_TASK STATEMENT_. The required output is the exact run of lines in the listing below from the line holding "ERP Roadshow là" through the line holding "本アプリにはブランド検索機能", with no pictures.

_INPUT RECORDS_.
---

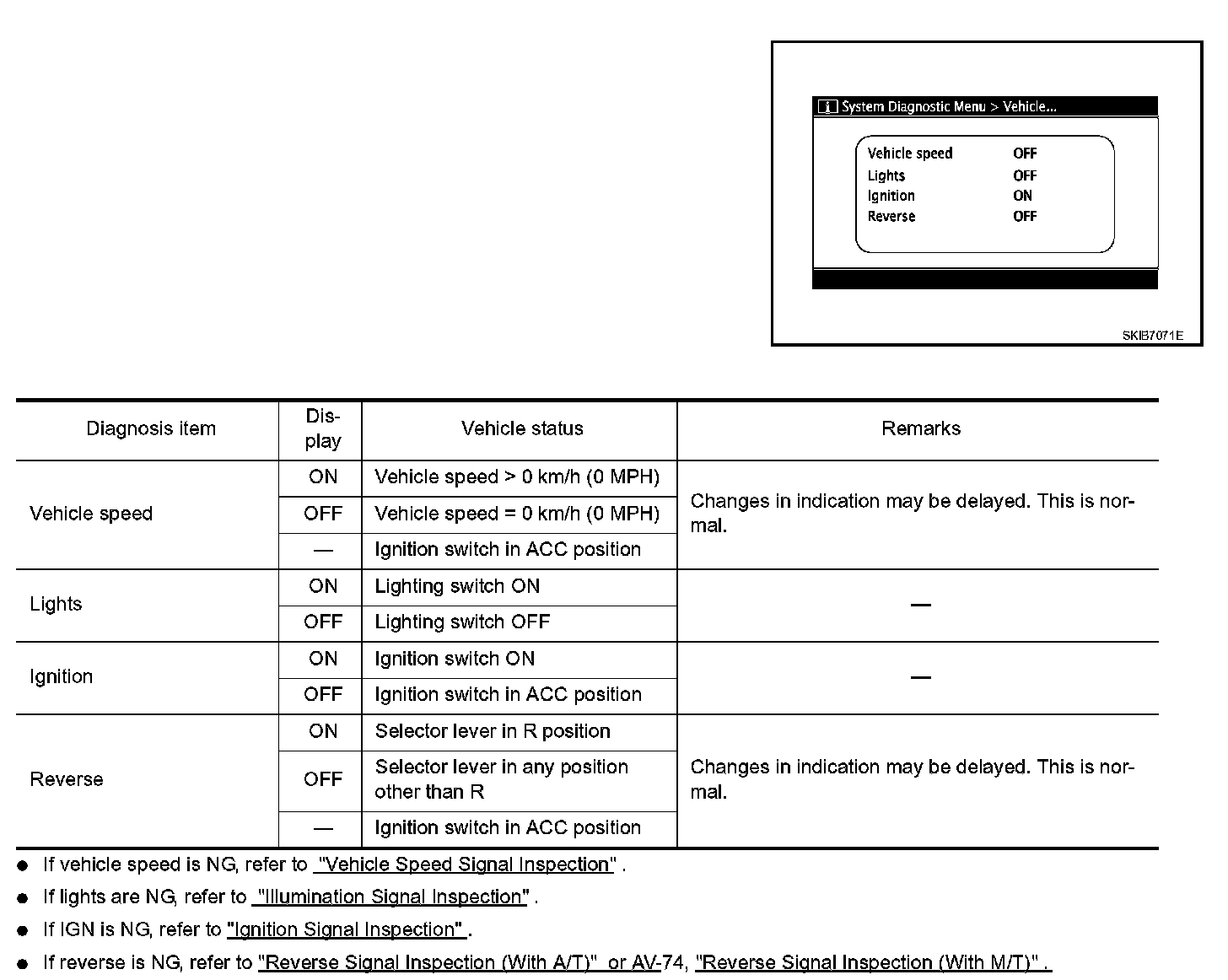 If an error occurred before the ignition switch was turned ON, and does not occur again until "Self-diagnosis" is completed, the diagnosis result is judged normal. Therefore, errors in the past which cannot be found by "Self-diagnosis", must be found by checking the "Error record".
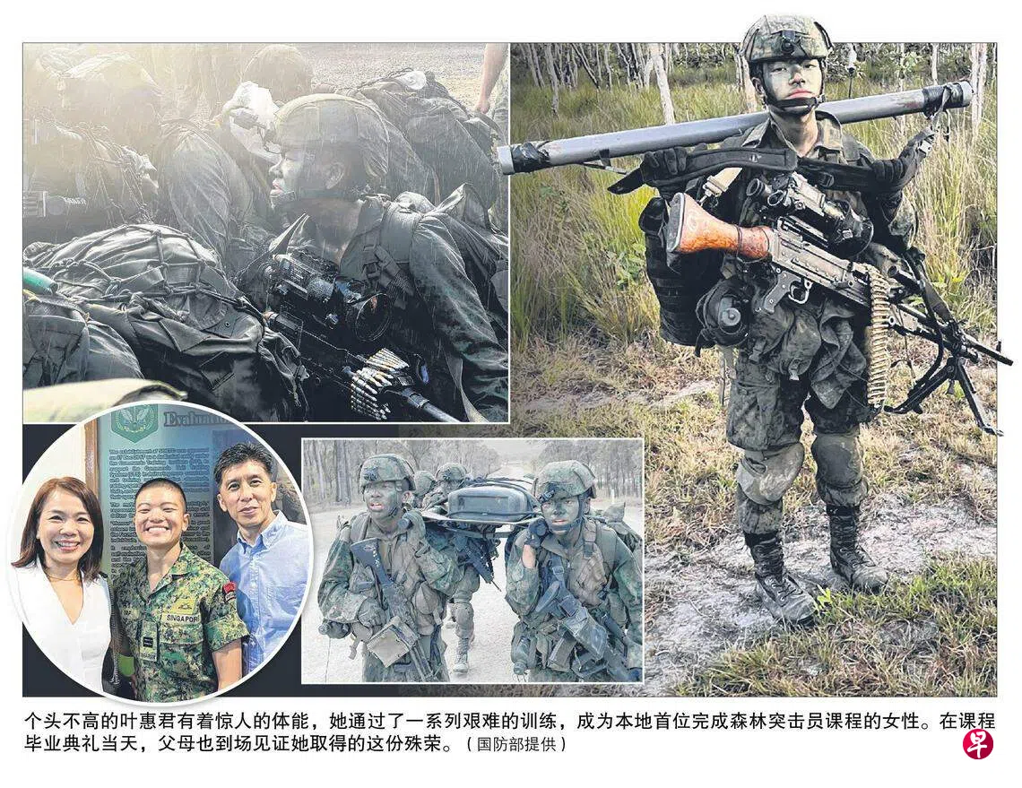 为挑战自我极限和踏上一趟自我探索的路程,今年27岁的叶惠君参加了被视作新加坡武装部队最具挑战的森林突击员课程(Ranger Course),是本地首个完成课程的女性。65天的训练分三个阶段进行,包括战略策划、武器练习,以及海域和空中战技等各种项目,对体能和心理素质的要求极高。
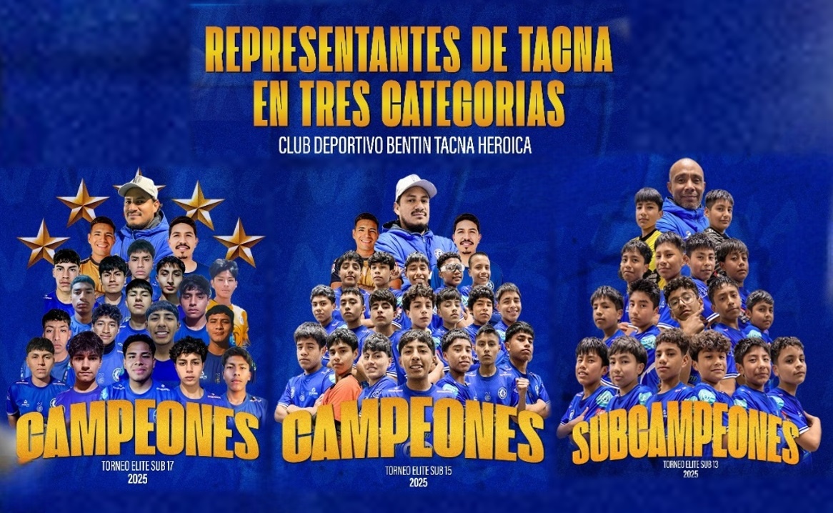 El Club Deportivo Bentín Tacna Heroica obtuvo importantes resultados en el Torneo Élite 2025, al coronarse campeón en las categorías Sub-15 y Sub-17, y lograr el subcampeonato en la categoría Sub-13. Estos logros reflejan el compromiso y la dedicación de los deportistas, entrenadores y familias que conforman la institución.
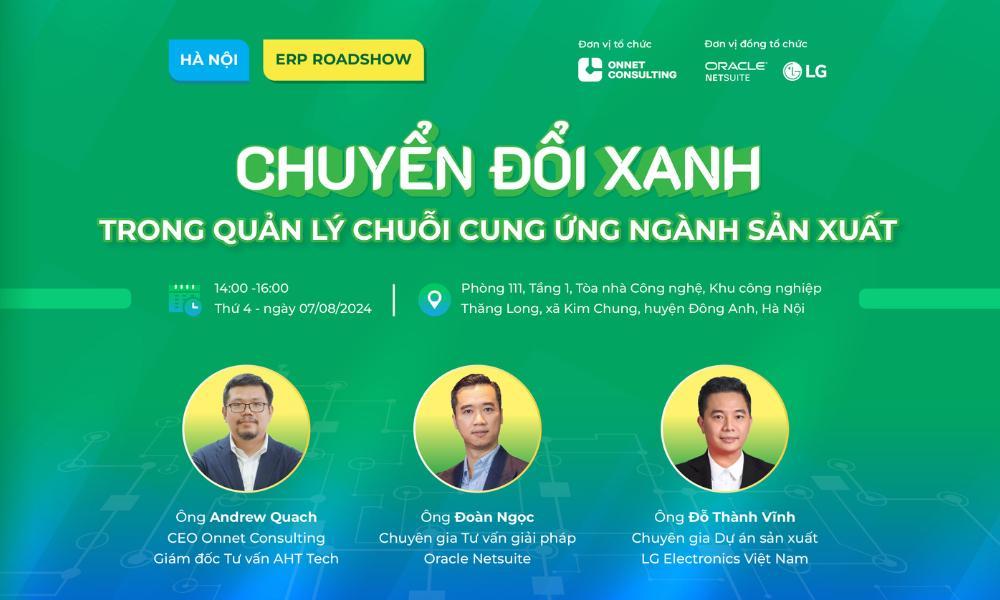 ERP Roadshow là chuỗi sự kiện được tổ chức bởi A1 Consulting cùng Oracle Netsuite và LG Electronics Việt Nam hứa hẹn sẽ mang đến góc nhìn thực tiễn và kinh nghiệm chuyển đổi xanh trong quản lý chuỗi cung ứng ngành sản xuất.
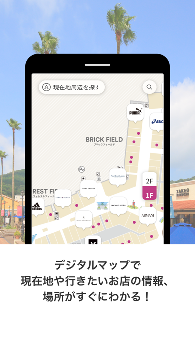 本アプリにはブランド検索機能が備わっています。キーワードもしくは一覧から該当のブランドを検索すると、店舗情報とともにフロアマップでお店の位置も確認可能。クーポン情報も一緒に掲載されているので、クーポンの確認も手軽に行えます。
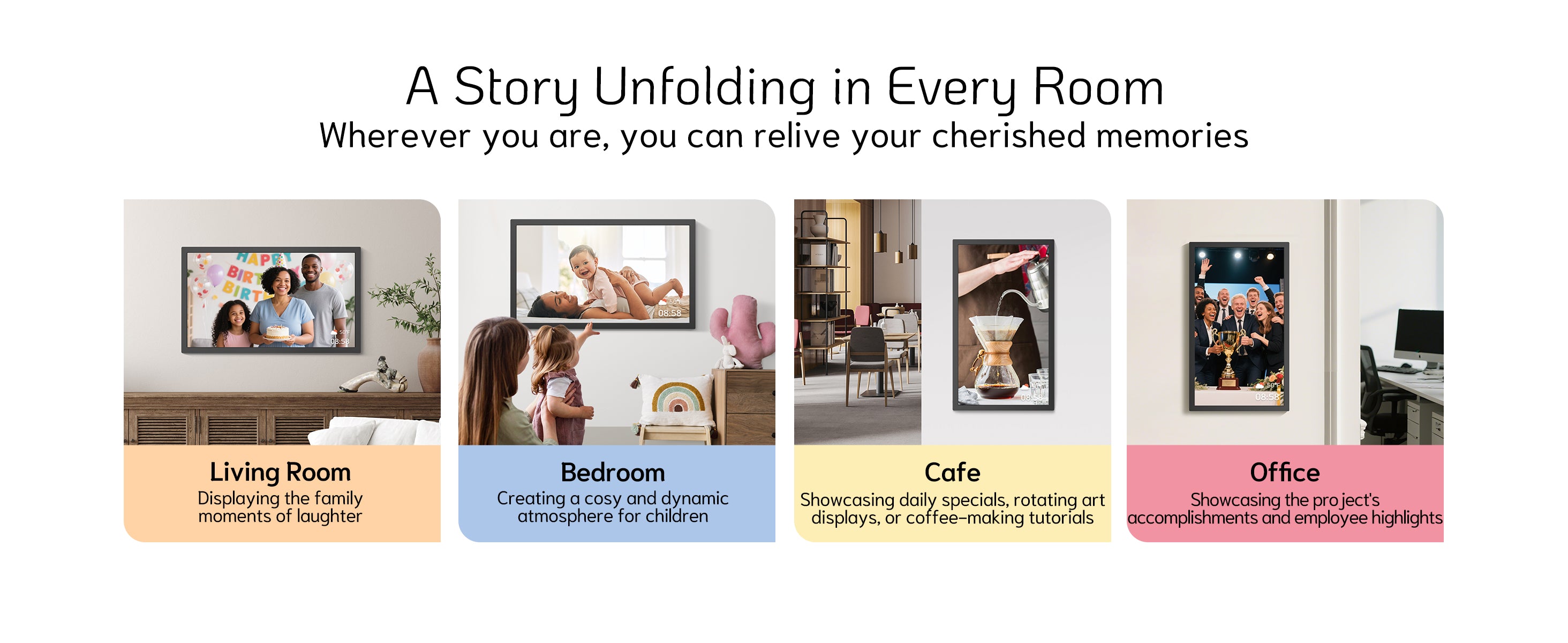 Featured with an IPS extra-wide viewing angle display, all your treasured memories will be presented in stunning image quality with vivid colors and crisp details.

---

_RESULT OF THE EXERCISE_.
 ERP Roadshow là chuỗi sự kiện được tổ chức bởi A1 Consulting cùng Oracle Netsuite và LG Electronics Việt Nam hứa hẹn sẽ mang đến góc nhìn thực tiễn và kinh nghiệm chuyển đổi xanh trong quản lý chuỗi cung ứng ngành sản xuất.
 本アプリにはブランド検索機能が備わっています。キーワードもしくは一覧から該当のブランドを検索すると、店舗情報とともにフロアマップでお店の位置も確認可能。クーポン情報も一緒に掲載されているので、クーポンの確認も手軽に行えます。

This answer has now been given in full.